▸ **Information supplied**:
=======
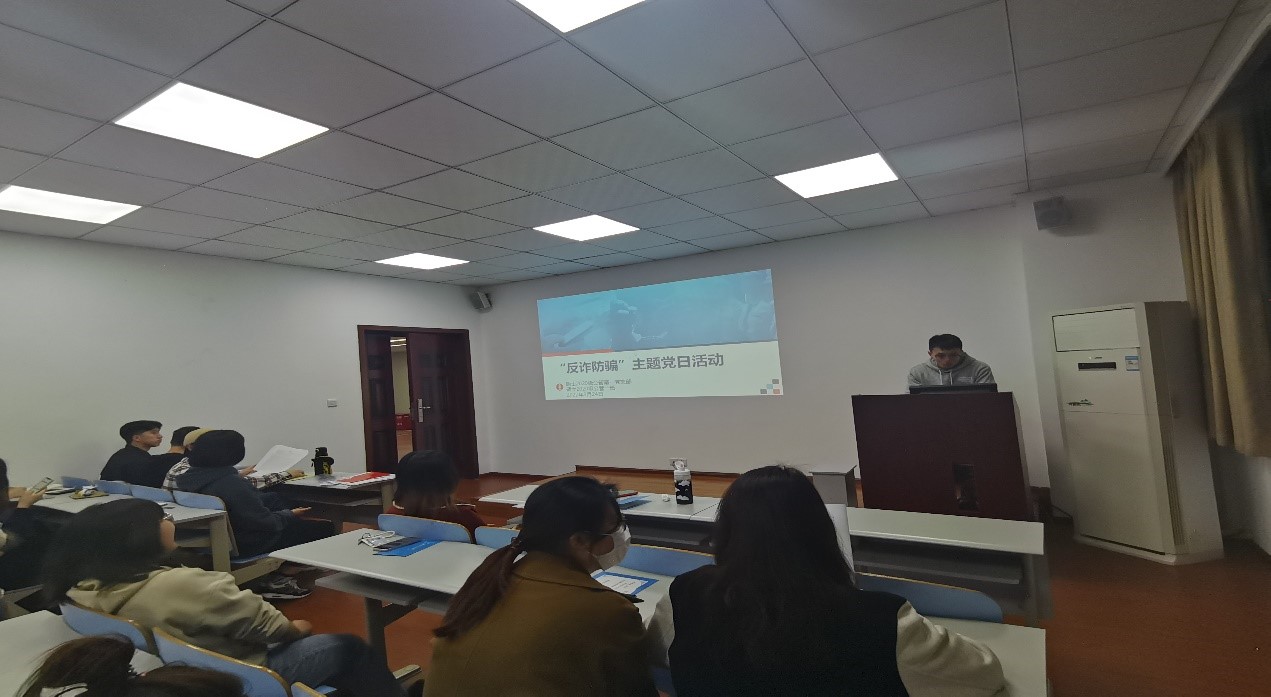 随着互联网,通信网络的快速发展,为广大群众的日常生活提供了诸多方便的同时也让不法分子有了可乘之机。近年来,电信诈骗案件频发,诈骗手段层出不穷,为进一步遏制电信网络诈骗案件高发态势,提高广大师生识骗、防骗的意识和能力,切实维护校园师生财产安全和切身利益,硕士2020级公共管理第一党支部于3月24日晚8:00在0-1105开展反诈防骗主题党日活动,由班长(预备党员)谢崇楷主讲,所有党员同志参与。
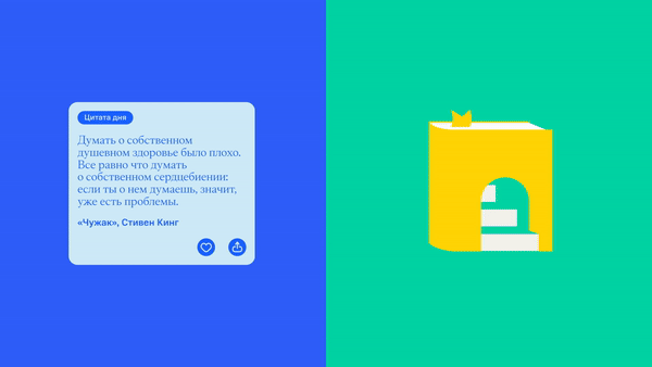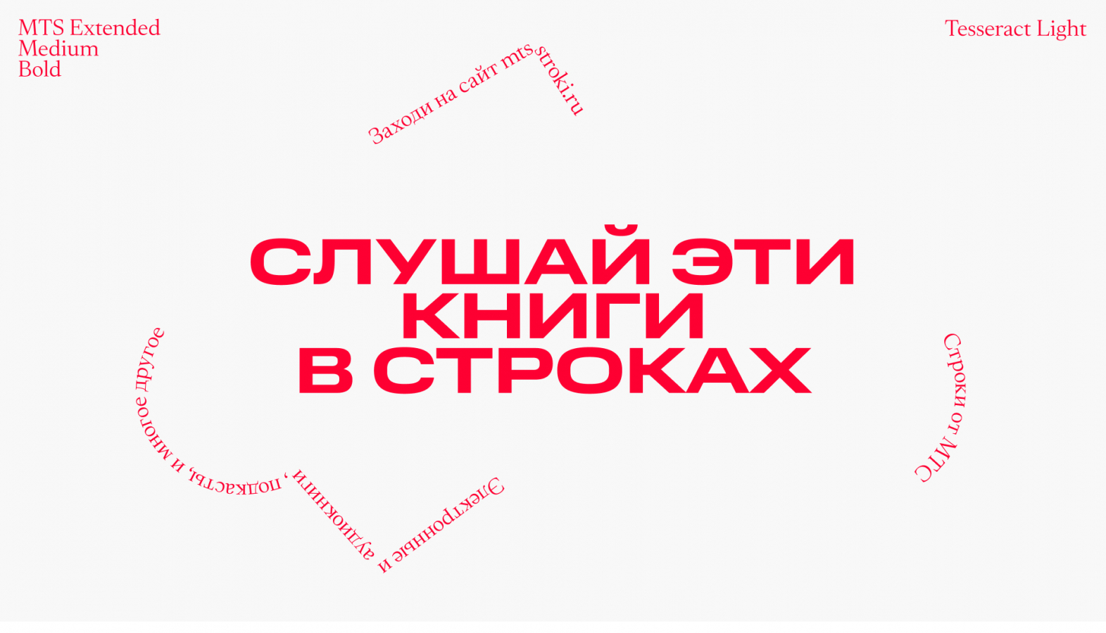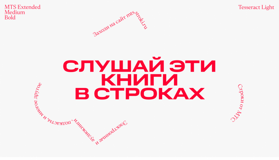 Основой идентичности бренда стала шрифтовая пара из болдового диджитального МТС Sans Extended, и тонкой классической антиквы Tesseract, которая ассоциируется с книжной типографикой. Это помогает создать связь между цифровой средой приложения и миром печатных книг, считают дизайнеры. «Антиква привлекает больше внимания к тем самым строкам внутри макетов, текст на которых может стать «пасхалкой», отсылающей к сюжету книги или дополняющей смысловое содержание макета», — отмечают они.
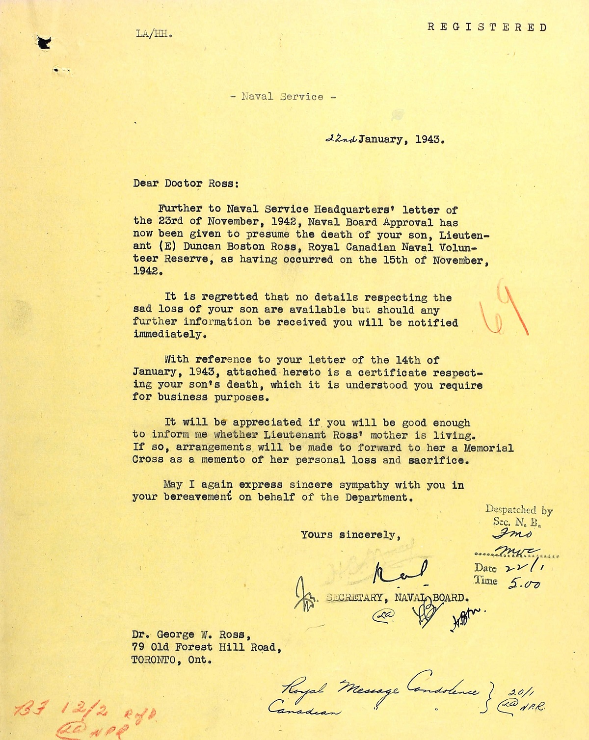 ROSS, Duncan Boston, Lt (E), RCNVR, MPK - 15 Nov 1942, HMCS SAGUENAY - Son of Dr. George W. Ross and Margaret W. Ross, of Toronto, Ontario.
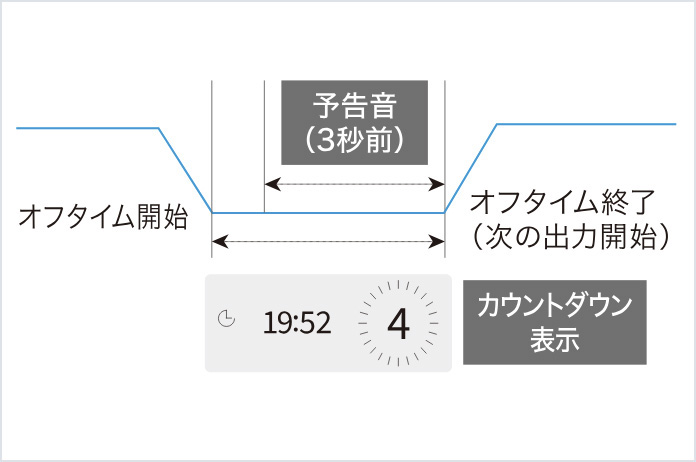 予告音を設定すると、オフタイムが終了する3秒前から予告音が鳴ります。また、オフタイムを3秒以上に設定するとオフタイムの残り時間がカウントダウン表示されます。
=======
▸ **What the task asks**: Return every line above word for word, minus images.

▸ **Solution to the problem**:
 随着互联网,通信网络的快速发展,为广大群众的日常生活提供了诸多方便的同时也让不法分子有了可乘之机。近年来,电信诈骗案件频发,诈骗手段层出不穷,为进一步遏制电信网络诈骗案件高发态势,提高广大师生识骗、防骗的意识和能力,切实维护校园师生财产安全和切身利益,硕士2020级公共管理第一党支部于3月24日晚8:00在0-1105开展反诈防骗主题党日活动,由班长(预备党员)谢崇楷主讲,所有党员同志参与。
 Основой идентичности бренда стала шрифтовая пара из болдового диджитального МТС Sans Extended, и тонкой классической антиквы Tesseract, которая ассоциируется с книжной типографикой. Это помогает создать связь между цифровой средой приложения и миром печатных книг, считают дизайнеры. «Антиква привлекает больше внимания к тем самым строкам внутри макетов, текст на которых может стать «пасхалкой», отсылающей к сюжету книги или дополняющей смысловое содержание макета», — отмечают они.
 ROSS, Duncan Boston, Lt (E), RCNVR, MPK - 15 Nov 1942, HMCS SAGUENAY - Son of Dr. George W. Ross and Margaret W. Ross, of Toronto, Ontario.
 予告音を設定すると、オフタイムが終了する3秒前から予告音が鳴ります。また、オフタイムを3秒以上に設定するとオフタイムの残り時間がカウントダウン表示されます。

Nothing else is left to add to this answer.